Мое бескорыстие, таким образом, в действительности есть лишь праздность: удовольствие от обладания в моих глазах не стоит хлопот по приобретению; а мое мотовство — лишь иная форма праздности; когда у нас есть возможность потратить деньги с удовольствием, мы должны использовать ее наилучшим образом.

Меня меньше соблазняют деньги, чем другие предметы, потому что между моментом обладания деньгами и моментом их использования для получения желаемого предмета всегда есть промежуток, пусть даже короткий; тогда как обладать вещью — значит наслаждаться ею. Я вижу вещь, и она соблазняет меня; но если я вижу не саму вещь, а лишь средства для ее приобретения, я не соблазнен. Вот почему я был воришкой и остаюсь им даже сейчас, в отношении сущих пустяков, к которым питаю пристрастие и которые мне легче взять, чем попросить; но я не припомню, чтобы в жизни взял у кого-то хоть грош, за исключением случая около пятнадцати лет назад, когда я украл семь франков и десять су. Эту историю стоит рассказать, так как она демонстрирует сочетание невежества и глупости, в которое я едва ли поверил бы, если бы оно касалось кого-то другого, а не меня.

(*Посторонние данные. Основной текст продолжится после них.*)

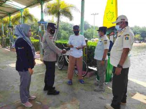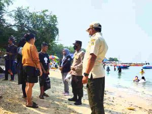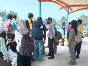 Gelar Patroli Jalan Kaki, Polsek Kep Seribu Selatan Sampaikan Imbauan ProKes dan Keselamatan Permainan Air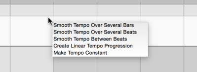 - Smooth Tempo Over Several Beats: This function spreads the tempo change evenly over a bar, producing virtually no change in the position of the start of each bar.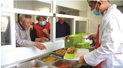 老人在老年食堂吃上热乎可口的饭菜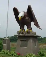 Because of this connection, the reservoir behind the dam is named "Old Abe Lake." Moreover, in a park on the Old Abe State Trail, which runs through the town, a 10½ foot statue of Old Abe has been erected near the dam.[8]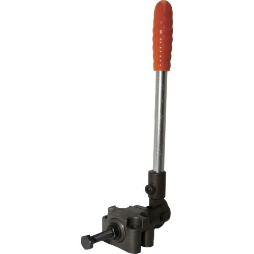 構成部品を全て表面焼入れ処理することで高い耐久性を実現しています。2段カムの採用により、クランプの速度を最適にしています。高さ方向にクリアランスが無い場合など、ハンドルを倒して使うことも可能です。 |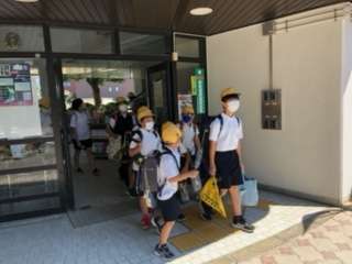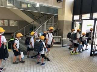 今日は、集合場所まで集団下校をします。水分補給をして出発しました。

Это было в Париже: я гулял с господином де Франсёй в Пале-Рояле; он вынул часы, посмотрел на них и сказал мне: «А не пойти ли нам в оперу?» — «С превеликим удовольствием». Мы пошли: он берет два билета в ложу, дает мне один, а сам входит по другому; я следую за ним, вижу, что у дверей толпа; заглянув внутрь, вижу, что все стоят; решив, что господин де Франсёй может подумать, что я скрыт толпой, я выхожу, прошу вернуть деньги за билет и покидаю театр, не подумав о том, что к тому времени, как я дойду до дверей, все уже будут сидеть, и господин де Франсёй легко заметит, что меня там нет.

Поскольку ничто не могло быть более противно моей природной склонности, чем эта отвратительная низость, я отмечаю ее, чтобы показать, что бывают моменты помрачения, когда людей не следует судить по их поступкам: это было не воровство денег, это было лишь воровство пользования ими, и это было тем более позорно, что не имело оправдания в виде искушения.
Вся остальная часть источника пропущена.